Женщина во время причитания то ударялась своей головой об землю, то крестилась левой рукой. Трудно было сказать, что с ней происходило: выражение боли в сломанной руке, или «убиение» по той молоденькой односельчанке, которой Богом было отпущено прожить на этой земле всего шестнадцать лет…

Водитель принес тяжелую весть родителям Нины Кулешовым где-то около девяти вечера. Мужчина в одних трусах, напрягая последние силы, бежал по обочине шоссейки, то и дело пересекая большие и маленькие лужи дождевой воды. Не добежав каких-то двести метров до начала деревни, он был ошарашен: в селе дождя не было. Улица была сухая, стайки гусей мирно рылись неподалеку возле двора первого дома, от которого брала свое начало улица.

Люмила Николаевна была до смерти напугана, когда увидела бегущего полуголого водителя, который только что увез на разъезд ее единственную дочь. Самого Кулешова в это время дома уже не было, он уехал в ночную смену пасти коров. Практически раздетый донага человек ничего не смог сказать напуганной женщине, которая стояла перед ним и не зная почему заламвывала себе пальцы. Водитель, упав на колени перед матерью погибшей Нины, смог произнести сквозь слезы только три слова: « Нине очень плохо…».
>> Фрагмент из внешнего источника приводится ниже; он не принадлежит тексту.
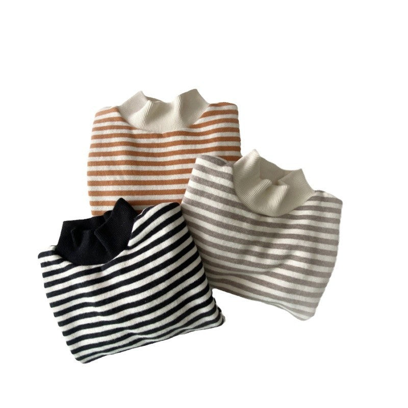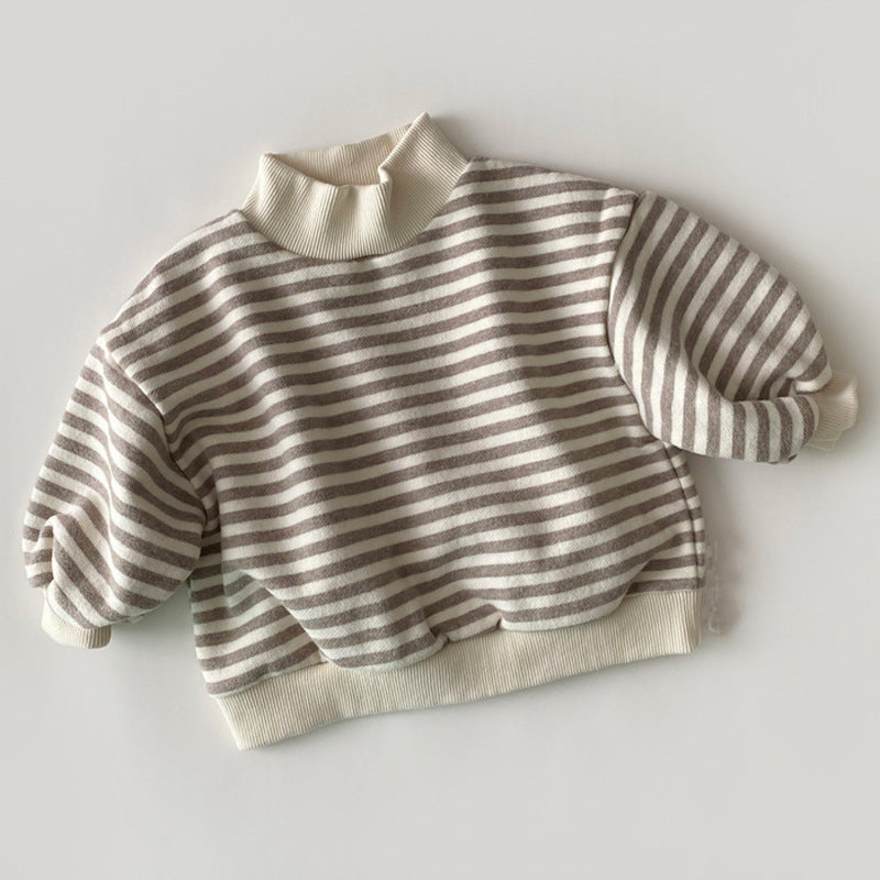 GB25111306韓版ins嬰兒幼童裝條紋加絨衛衣中性寬鬆版型高領絨衫寶寶上衣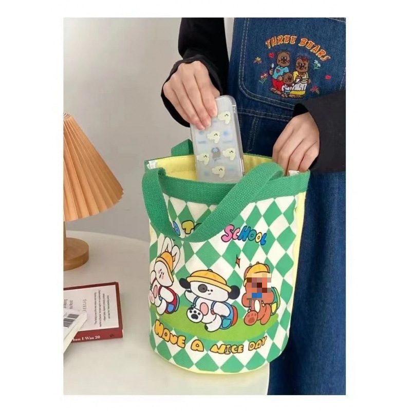 かわいいイラストバケツポータブル韓国風ガールハートママランチバッグ仕事用小さなバッグ子供っぽい落書きキャンバス

Лишь через час колесный трактор с прицепом, на котором сидело несколько крепких мужиков, прибыл к месту происшествия. Мужчины быстро извлекли потерпевшую из-под кузова и очень осторожно положили тело девушки на прицеп. Даже уже при опускающихся сумерках было видно искаженное от боли молодое лицо девушки. Трактор с прицепом взял курс на Калинино, в райцентр. В тележке сидели четверо. Старая бабка со сломанной рукой ехала в больницу залечить свою рану. Был здесь и несчастный водитель грузовика, он ехал в милицию. Возле мертвой девушки, которой было не только не суждено учиться в торговом техникуме, но и не жить на этой земле, стояли на коленях и плакали ее родители. Им было все равно куда ехать. Эти люди уже не страшились ни болезни, ни тюрьмы. Они потеряли свою единственную дочь и поэтому жизнь для них без дочери на этой земле не имела никакого смысла.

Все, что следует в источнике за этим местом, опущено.